I have to wonder if the initial allure of mimetic theory for Fleming was its interdividual, deeply relational quality. It certainly was for me. Recently, a graduate student in a psychotherapy program contacted me out of the blue as he had been desperately searching for ways to bring mimetic theory into his studies. What struck me was the reason he gave for Girard’s work having touched him so: he said the theory helped him in a fundamental way figure out he was not the only person with petty vanities, ridiculous jealousies, and persistent rivalries, etc. What is more, seeing life through this new lens had allowed him to relax and enjoy other people and himself so much more.

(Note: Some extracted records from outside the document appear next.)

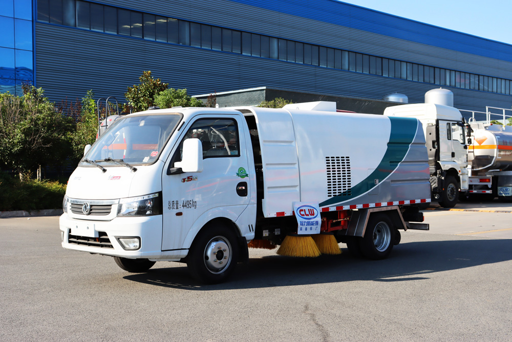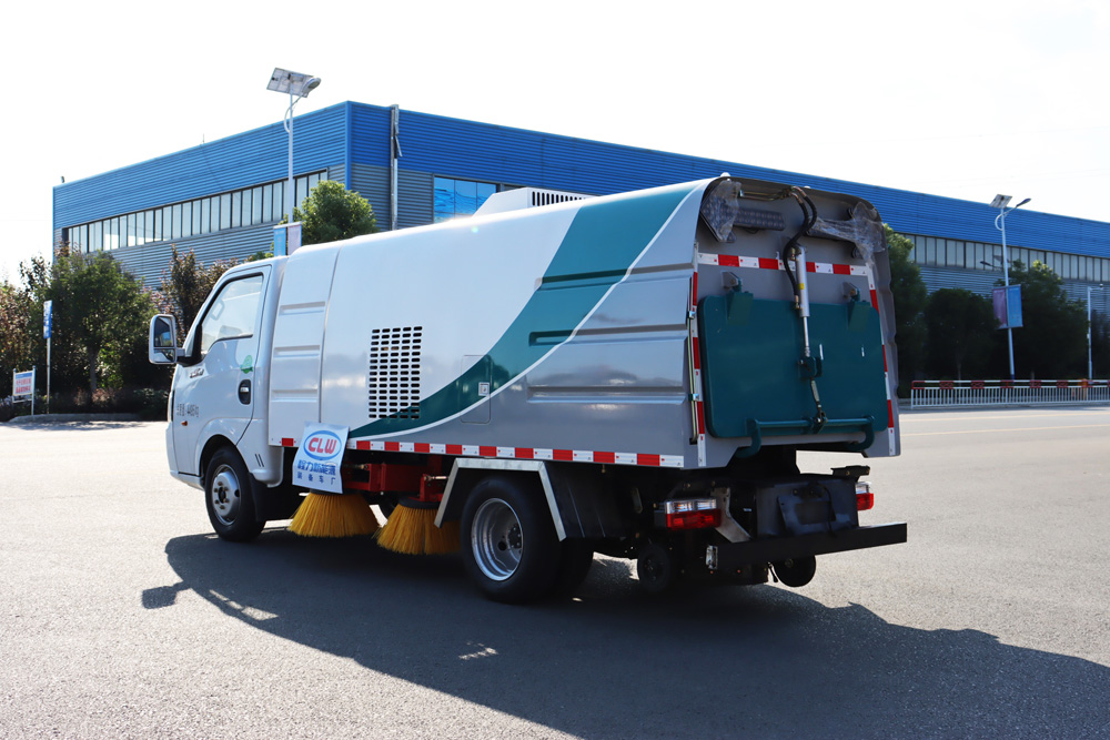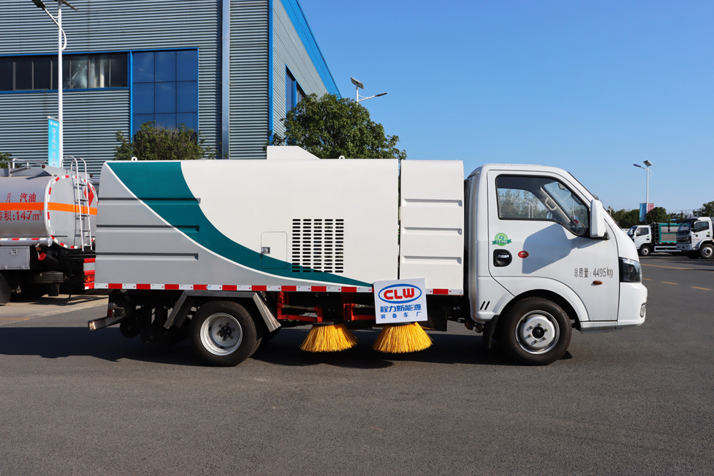 3、掃路車采用東風(fēng)純電動(dòng)二類汽車底盤改裝,加裝風(fēng)機(jī)、清水箱、垃圾箱、左右立掃、帶噴水桿的寬吸嘴、掃盤降塵系統(tǒng)、液壓系統(tǒng)、專用裝置電控系統(tǒng)和副車架等改裝而成。
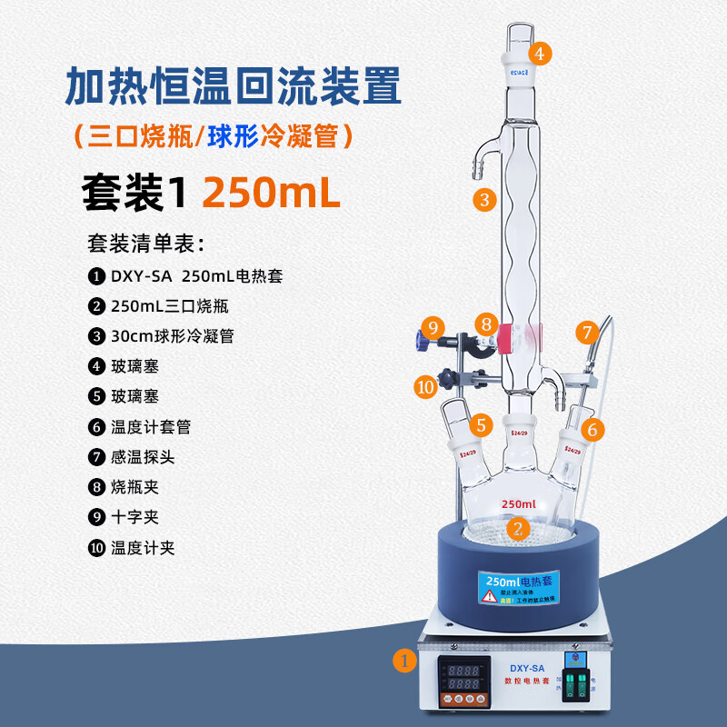 瑞锌玻璃蒸馏装置加热恒温回流装置500/1000ml实验室冷凝设备纯露精油 球形套装一:250ML回流装置
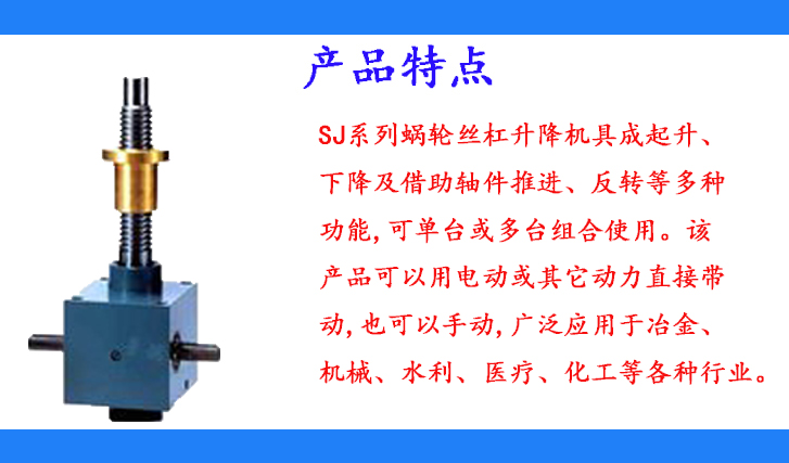 SJ系列蝸輪絲杠升降機具成起升、下降及借助軸件推進、反轉(zhuǎn)等多種功能,可單臺或多臺組合使用。該產(chǎn)品可以用電動或其它動力直接帶動,也可以手動,廣泛應(yīng)用于冶金、機械、水利、醫(yī)療、化工等各種行業(yè)。
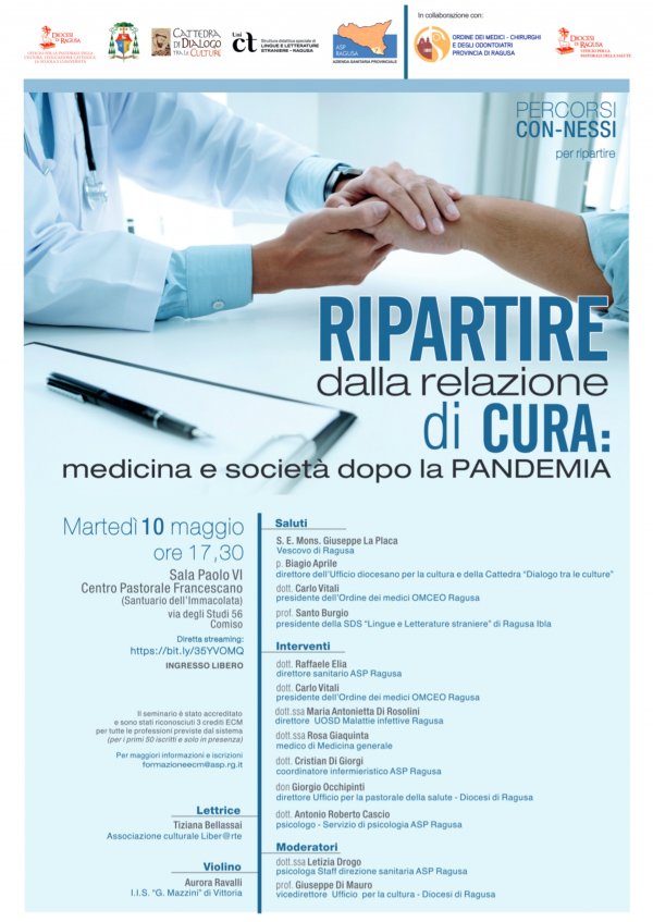 Martedì 10 maggio alle 10:30, nella sala "Paolo VI" del Centro pastorale francescano per il dialogo e la pace di Comiso (Santuario dell’Immacolata, via degli studi 56), si svolge il seminario "Ripartire dalla relazione di cura: medicina e società dopo la pandemia", terzo appuntamento del ciclo "Percorsi con-nessi per ripartire", promossi dall’Ufficio per la cultura della Diocesi di Ragusa, dalla Cattedra di Dialogo tra le culture e dall’Università di Catania (sede di Ragusa Ibla).
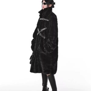 Dark Style Imitation Fur Plush Coat Women’s Mid-length
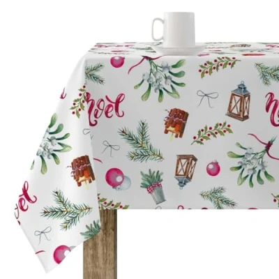 BELUM Christmas Tablecloth Stain Resistant Rectangular Table Cloth Resin (Laminated Touch) Home (100 x 140 cm)
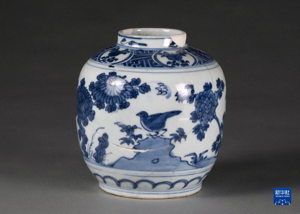 河南开封州桥及附近汴河遗址出土的明晚期景德镇窑青花花卉纹罐(资料照片)。
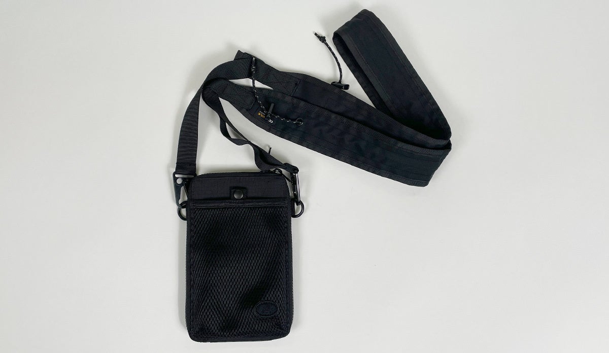 スマホポーチは表面のナイロン層、真ん中にはポリエステルを撚った紐をクロス状に合わせた高強度層、そしてポリエステル層の3層構造を圧着した特殊生地を使用したアウトドアでも活躍するギアアイテム。
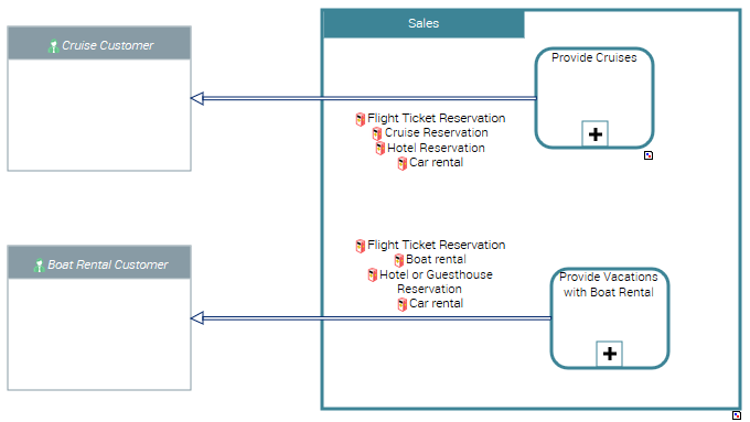 In the example above, the enterprise is targeting two customer segments, those that rent boats, and those to whom cruises are proposed.
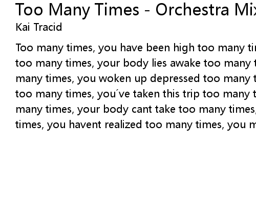 | Too many times, you have been high too many times, you ran away, in need to cry too many times, your body lies awake too many times, these pills you take... too many times, you woken up depressed too many times, you put your life to the test too many times, you ve taken this trip too many times, you have slipped too many times, your body cant take too many times, you made a mistake too many times, you havent realized too many times, you mind became paralyzed |
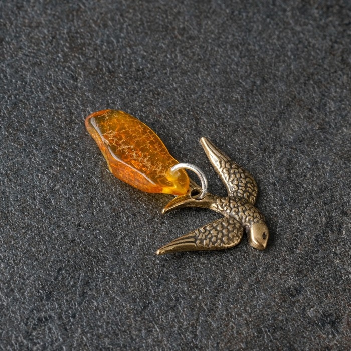 Брелок-талисман "Птица счастья", натуральный янтарь
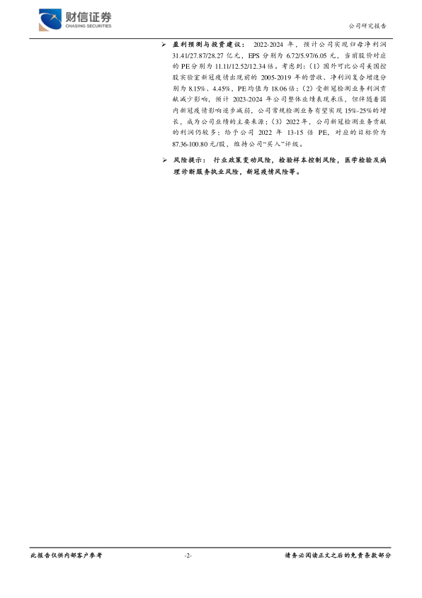 风险提示:行业政策变动风险,检验样本控制风险,医学检验及病理诊断服务执业风险,新冠疫情风险等。
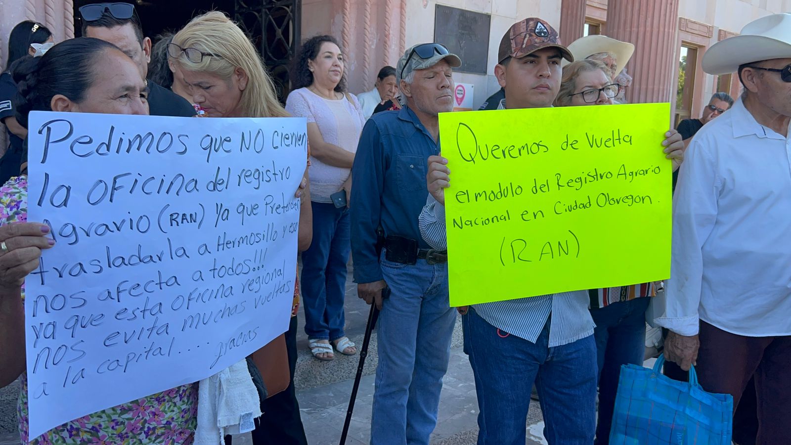 Representantes ejidales del Valle del Yaqui se manifestaron a las afueras de Palacio Municipal, esto debido al cierre de la oficina del Registro Agrario Nacional (RAN) en Cajeme sin previo aviso, por lo que ahora tienen que trasladarse hasta Hermosillo para realizar sus trámites.
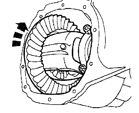 ^ If the backlash is not within specification, correct by increasing the thickness of one differential bearing shim and decreasing the thickness of the other differential bearing shim by the same amount.
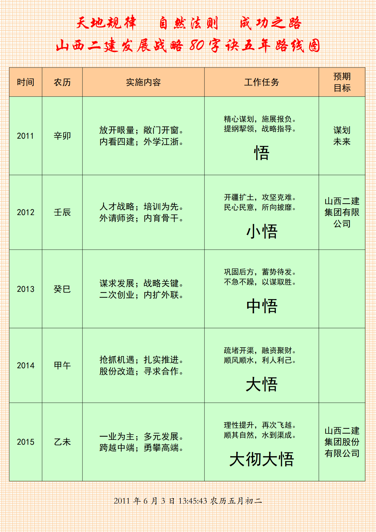 2011年在省建協的時候,某一天我的小靈通突然連續響了起來,拿出來看,顯示13個1。起初,我以為是觸碰造成的,并不在意。但是,無論怎么操作,甚至取出電池,一直消除不掉。第二天下午,與二建總經理會晤,說起此事,專門讓他看。他說,這倒奇怪了,沒有遇到過這樣的事情。再按退出鍵,13個1不見了。那么,十三個一要告訴我什么呢,是一三年需要幫助比我小十三歲的人,需要三個十年成就他的事業。第一個十年,在磕磕碰碰中走過來了;現在第二個十年開始了,這個十年是最關鍵的十年;第三個十年才能達到一流企業的戰略目標。
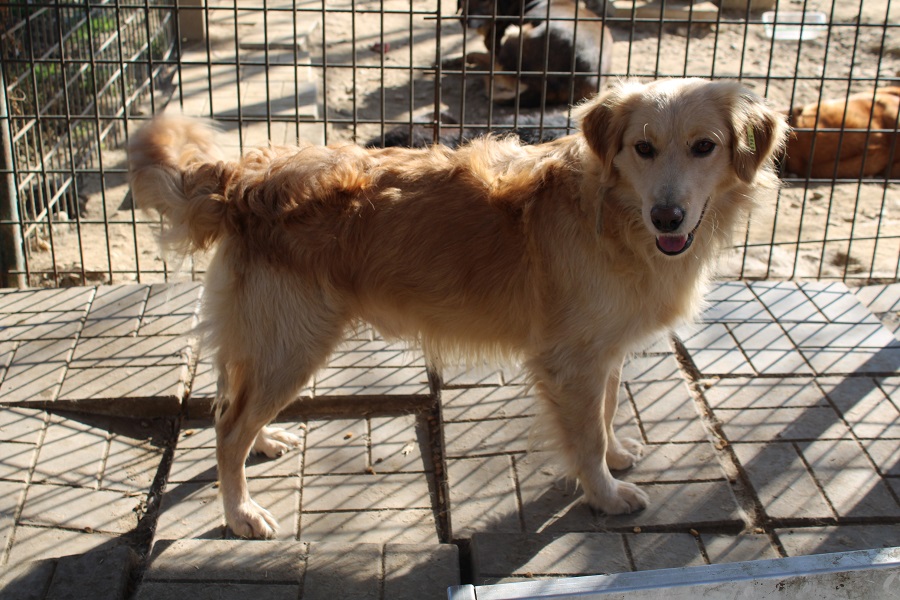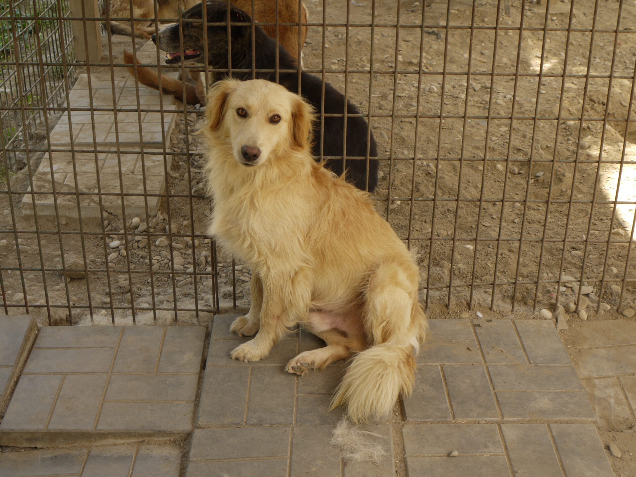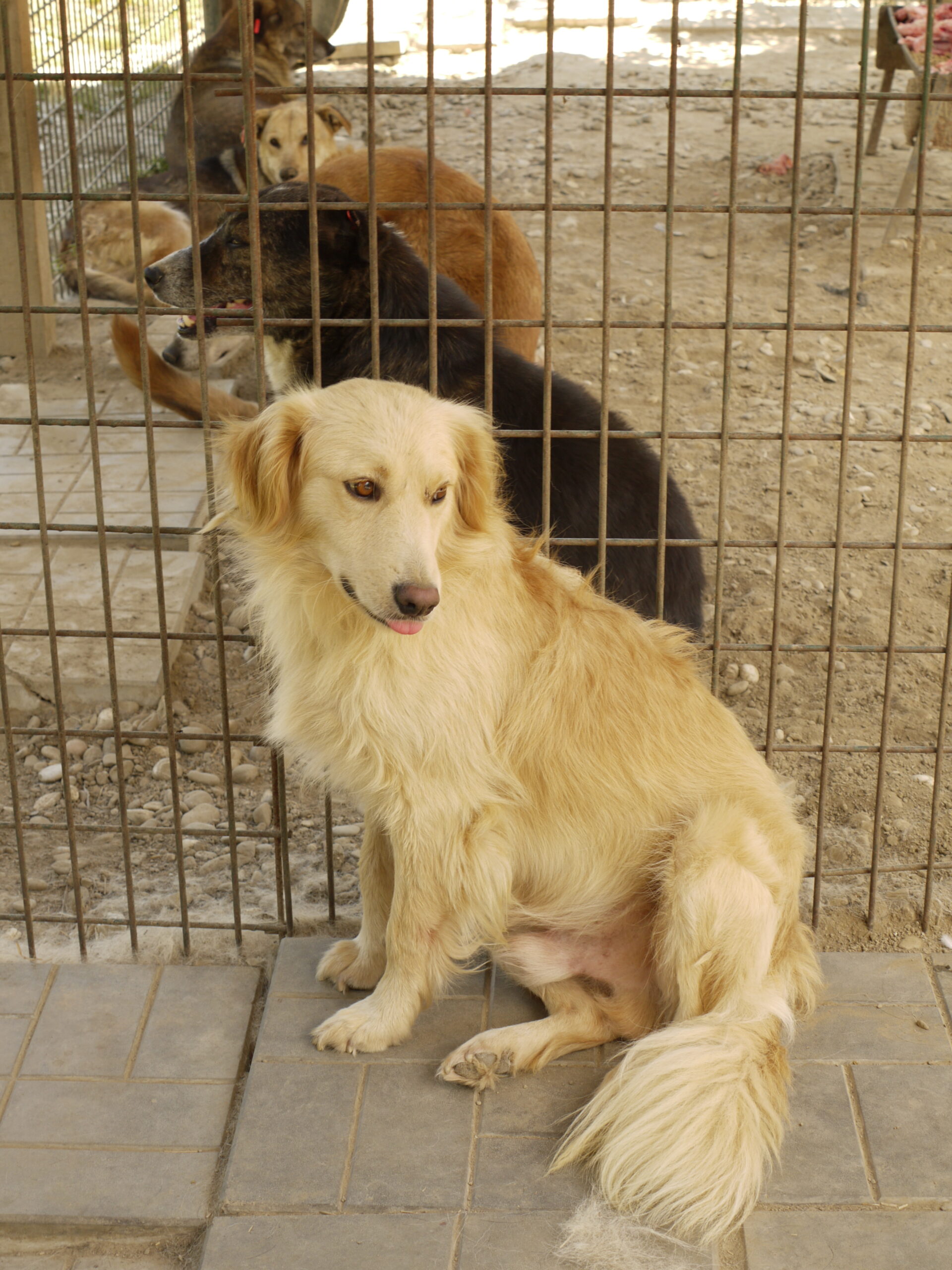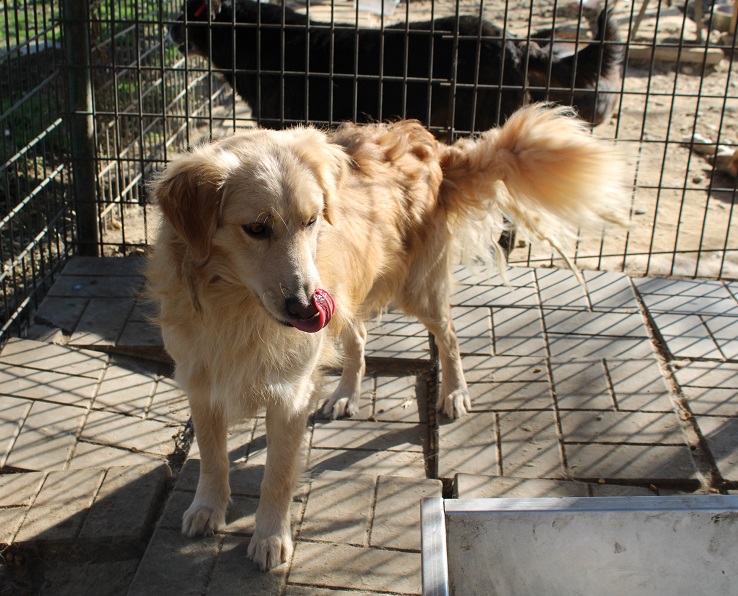 FLIPP schlägt sich als Kleinster in seinem Kennel durch. Er lässt sich streicheln, ist sehr nett und beobachtet aufmerksam.

Acknowledging one’s entanglement with desire ends up being less about finding some kind of automatic salvation or freedom—for Chris, for this graduate student, for Dupuy, or for me. It is more about how we convert or transform our desire which turns out to be, it seems, a slow, arduous, daily process of fits and starts in our struggle as relational beings. Comparable lingo in the attachment theory world is “rupture and repair”—our relationships and struggles are a constant process of miscommunication, pettiness, conflict, and the repairing of these failings. Fleming mentions at the end of his memoir being “reticent to use the word ‘recovery’ because it suggests a kind of finality that I’m scared might curse me” (204). Perhaps “rupture and repair” are “R” words that are a bit more palatable.